P (\inp -> case parse item inp of
              []        -> []
              [(v,out)] -> parse (rhsY v) out)

... and similarly for rhsZ; the final result is invoking "parse return (x,z)"
    where x is the result of parsing the first item and z the result of
    parsing the third.

A complete example

As a complete example, I've expanded the parser grammar found in the book to support conditional expressions. The full example is available here. Recall that wa want to parse expressions of the form:

if <expr> then <expr> else <expr>

This is the monadic parser [3]:

ifexpr :: Parser Int
ifexpr = do symbol "if"
            cond <- expr
            symbol "then"
            thenExpr <- expr
            symbol "else"
            elseExpr <- expr
            return (if cond == 0 then elseExpr else thenExpr)

And this is the equivalent applicative version (<$> is just an infix synonym for fmap):

ifexpr' :: Parser Int
ifexpr' =
  selector <$> symbol "if" <*> expr
           <*> symbol "then" <*> expr
           <*> symbol "else" <*> expr
  where selector _ cond _ t _ e = if cond == 0 then e else t

Which one is better? It's really a matter of personal taste.

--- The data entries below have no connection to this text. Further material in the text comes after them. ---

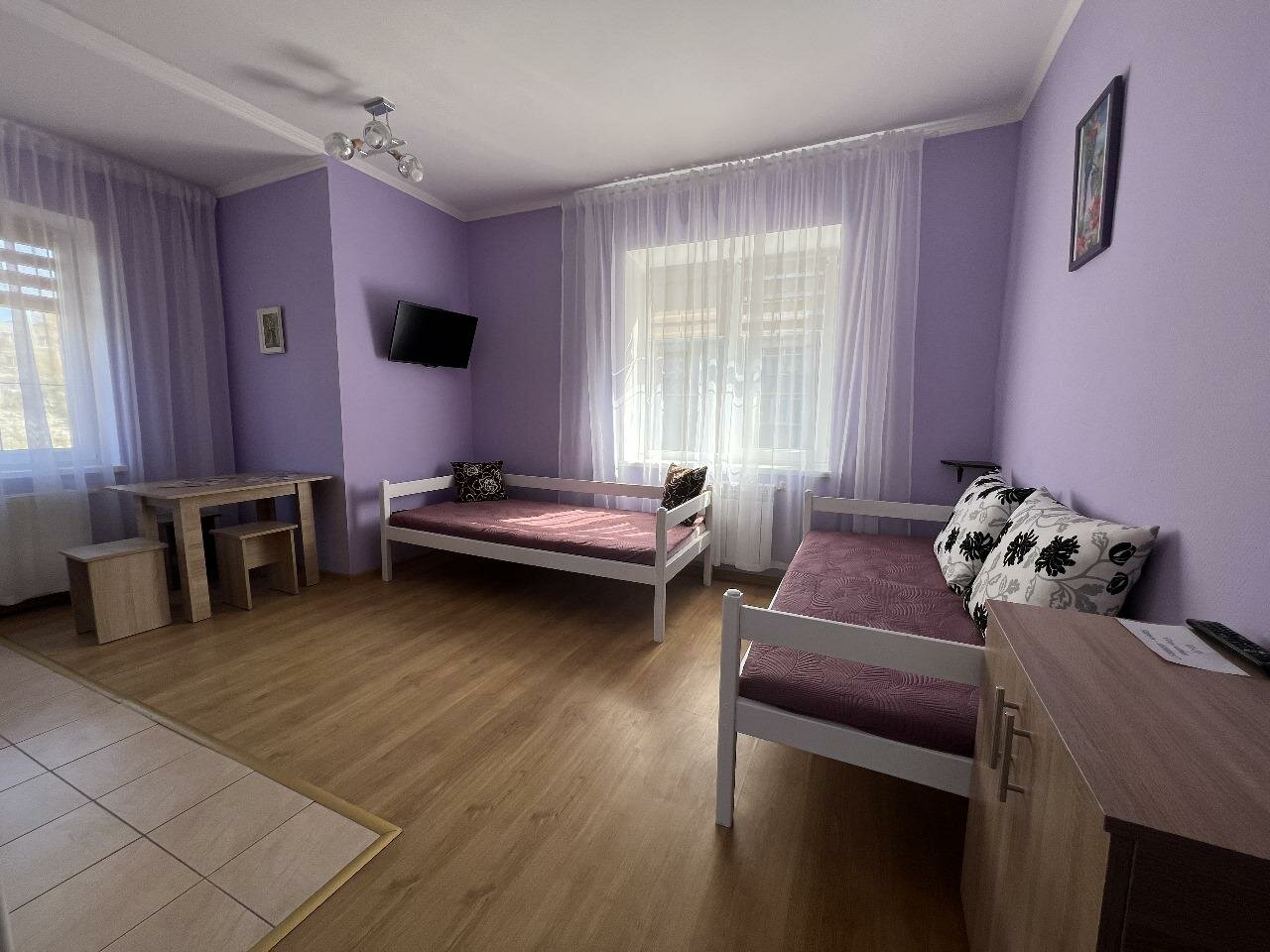 Отдыхали здесь с 16 по 19 июня 2023 года. Номер №4 на третьем этаже. Очень чистый, просторный, с мини кухней (кухонная утварь) номер. Удобные матрасы. Любой вопрос решался сотрудником Дарьей очень оперативно, отдельное ей спасибо. До вокзала пешком минут 10-15, до моря 15-20 не быстрым шагом. Рядом есть магазины. Цена и качество — супер.
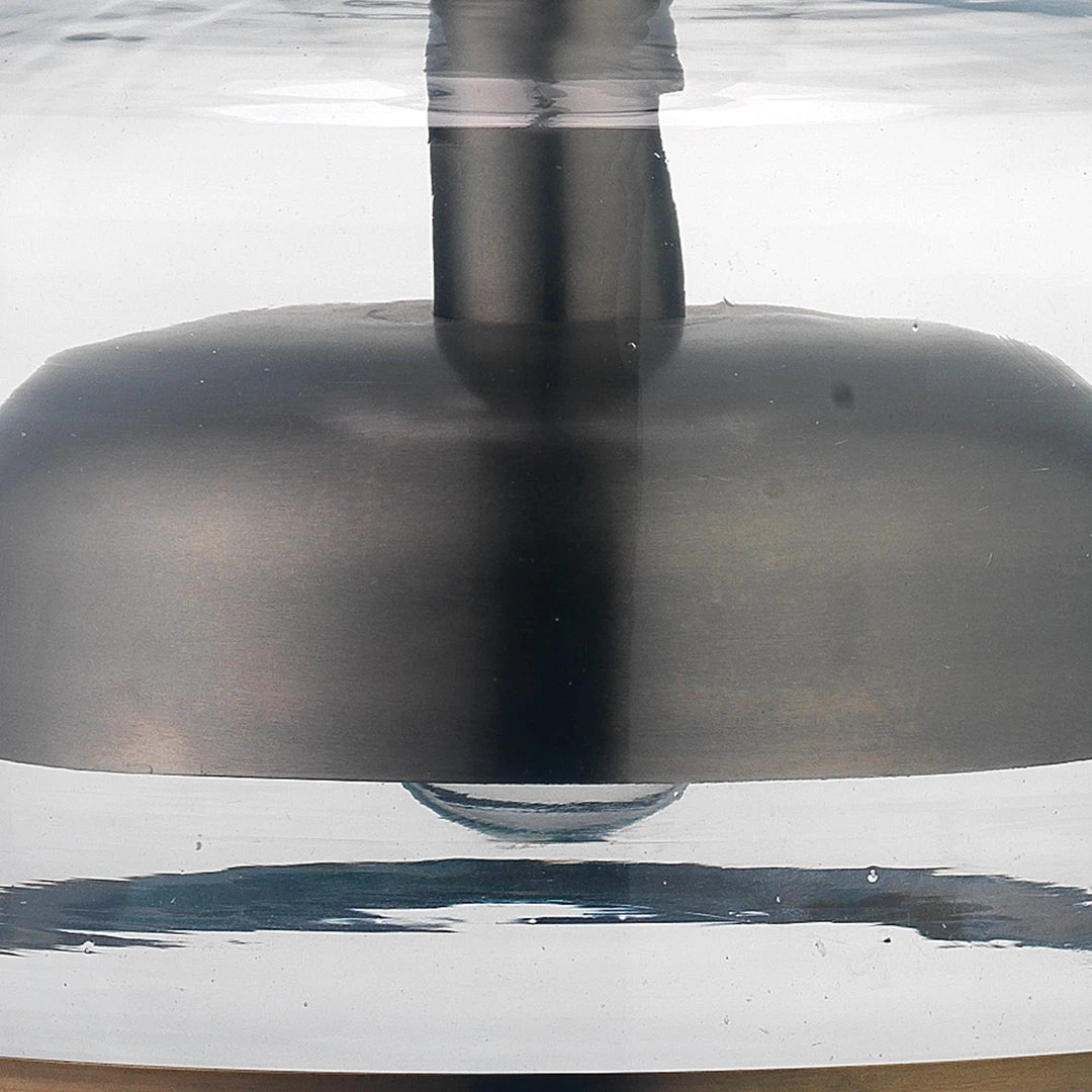 Modern Loft style metal and glass pendant with an unique conception of glass shade over metal.
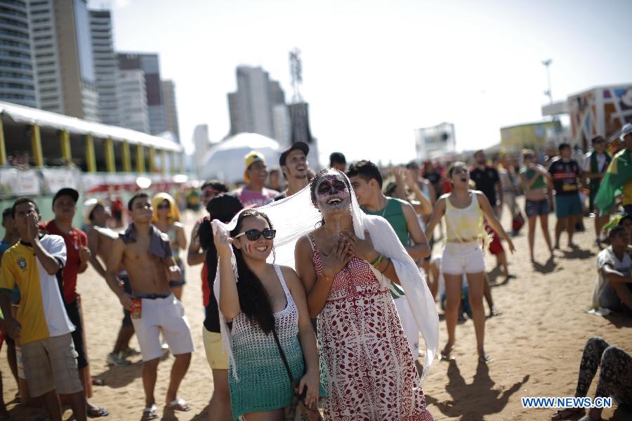 Mexico's fan cheer while watching a Round of 16 match between Netherlands and Mexico of 2014 FIFA World Cup at a FIFA fan fest in Fortaleza, Brazil, on June 29,2014.(Xinhua/Mauricio Valenzuela)
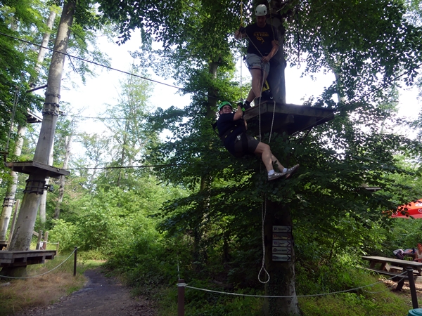But it was. In the left photo I’m getting rescued – I was abseiled because there is no getting back because of the way the parcours is set up. — At least, I tried.
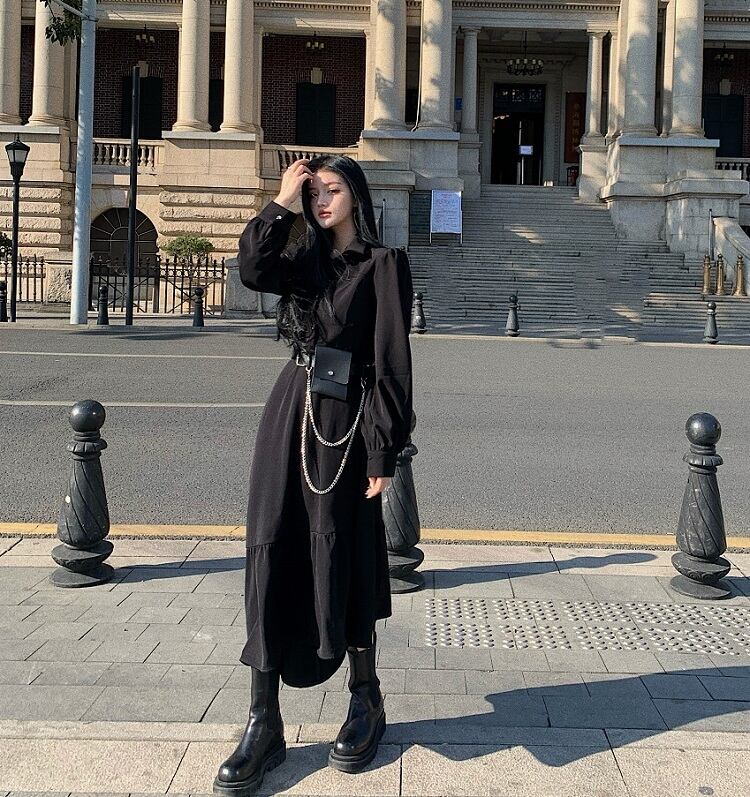 ドレス スタイルブラックスカート スプリングウェストスリム ロング 春物 ブラックストロベリース97853592106
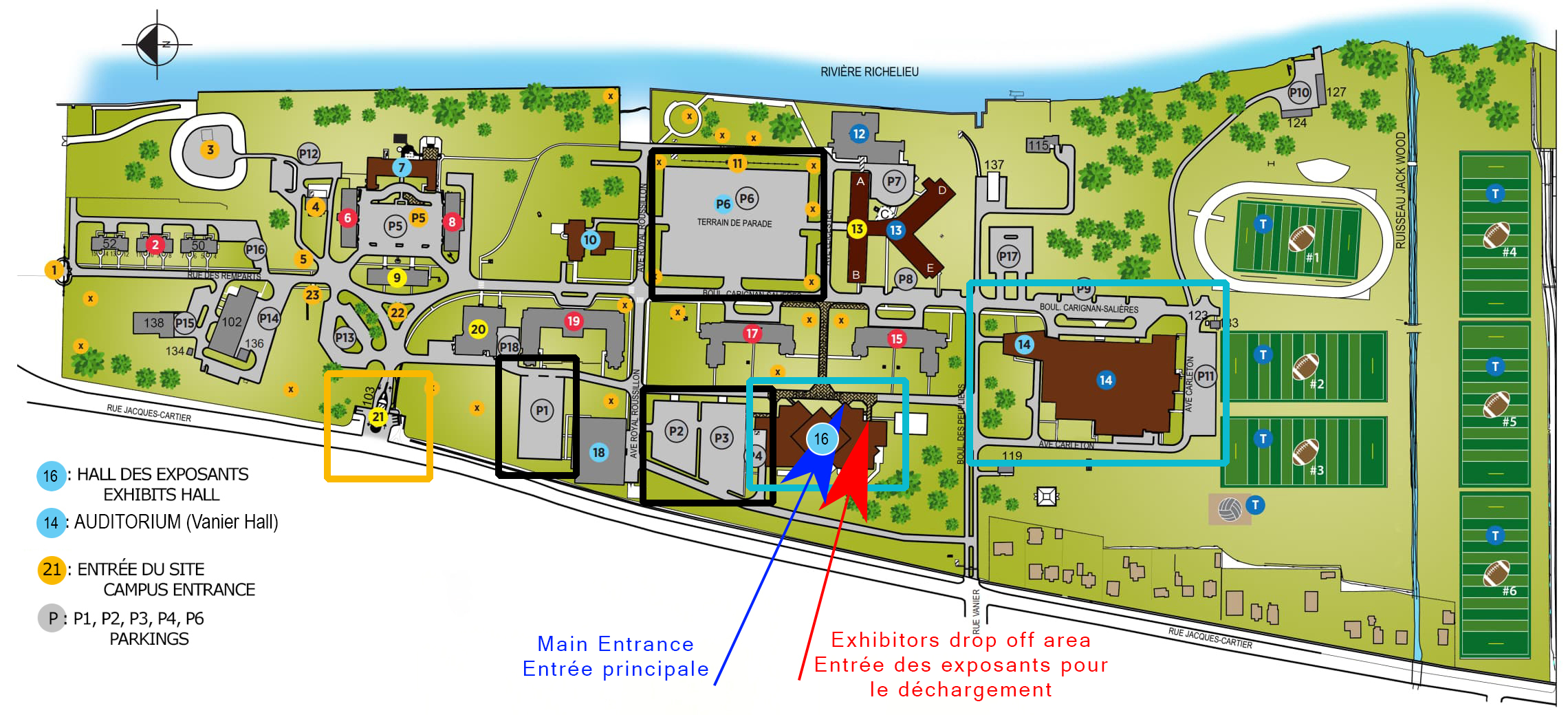 Exhibits loading will be at door Dextraze building, number 3, pointed by the red arrow on the Campus Map
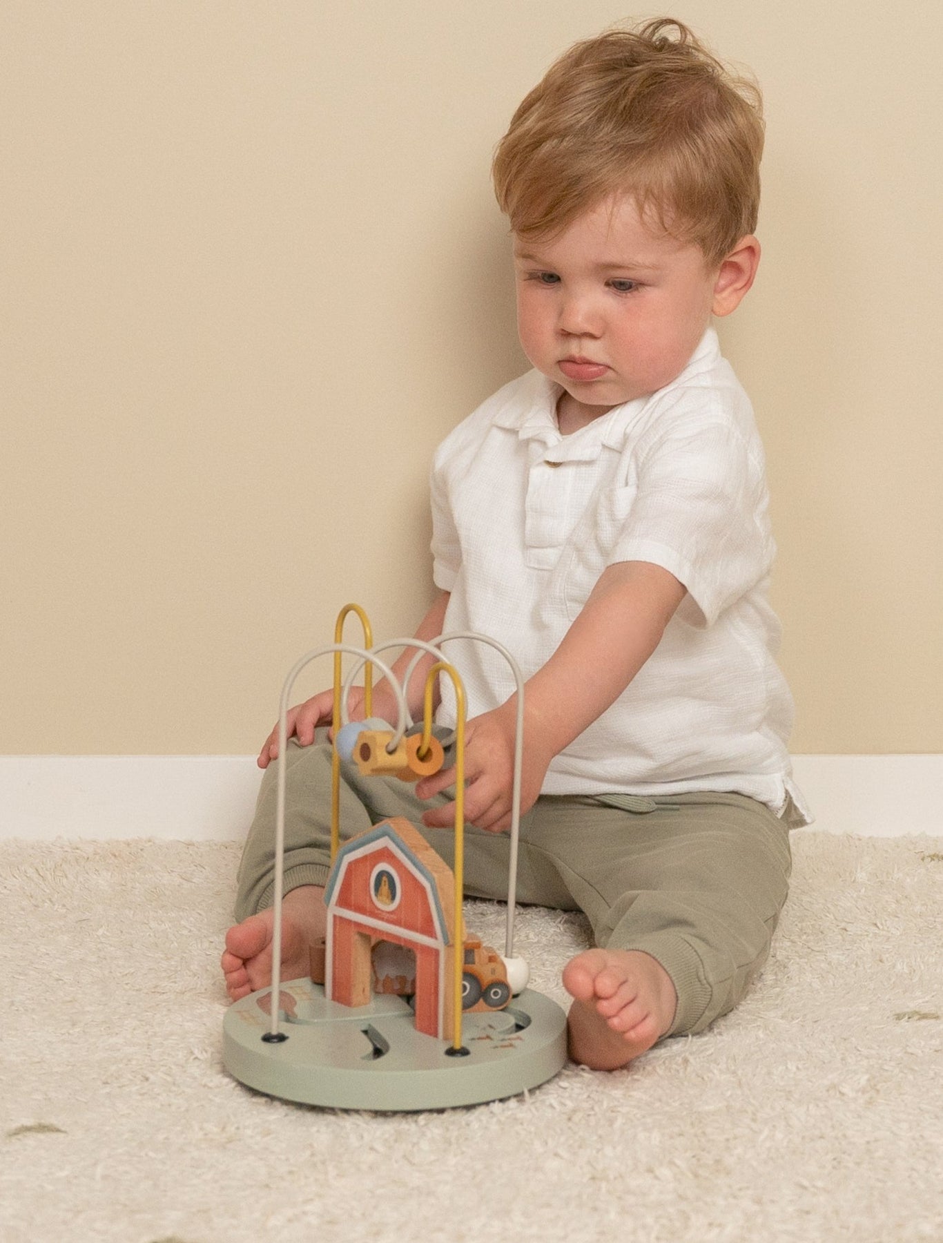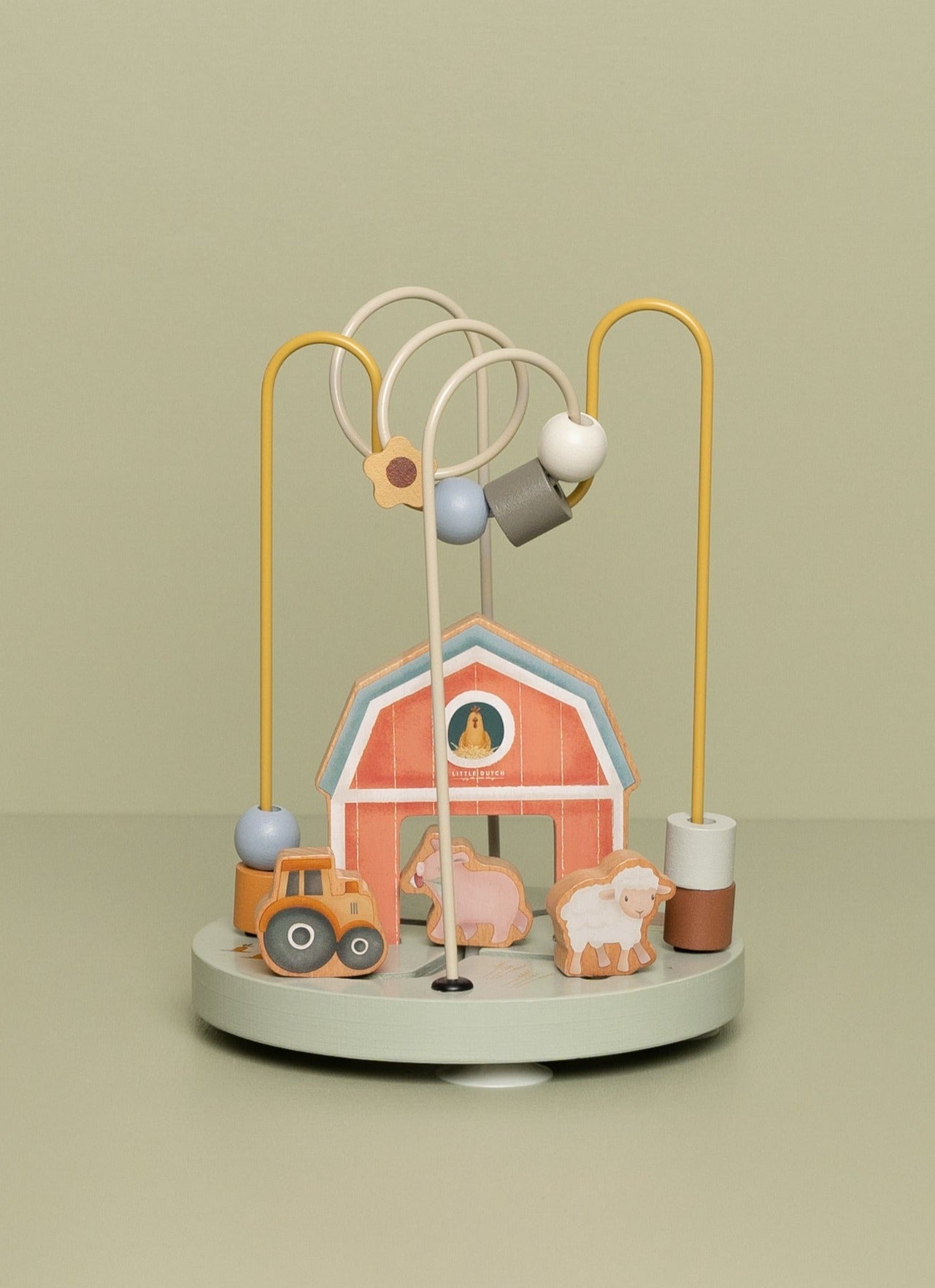 This wooden farm-themed activity spiral offers an educational activity for your child. Move the blocks, the tractor, the pig, and the sheep from one side to the other! Fun is guaranteed.

Since both the monadic and applicative styles deal in Parsers, they can be freely mixed and combined.

[1]	Failures could also be signaled by using `Maybe`, but a list lets us express multiple results (for example a string that can be parsed in multiple ways). We're not going to be using multiple results in this article, but it's good to keep this option open.

[2]	We could also use the monadic operator `>>` for statements that don't create a new assignment, but using `>>=` everywhere for consistency makes it a bit easier to understand.

[3]	The return value of this parser is `Int`, because it evaluates the parsed expression on the fly - this technique is called Syntax Directed Translation in the Dragon book. Note also that the conditional clauses are evaluated eagerly, which is valid only when no side effects are present.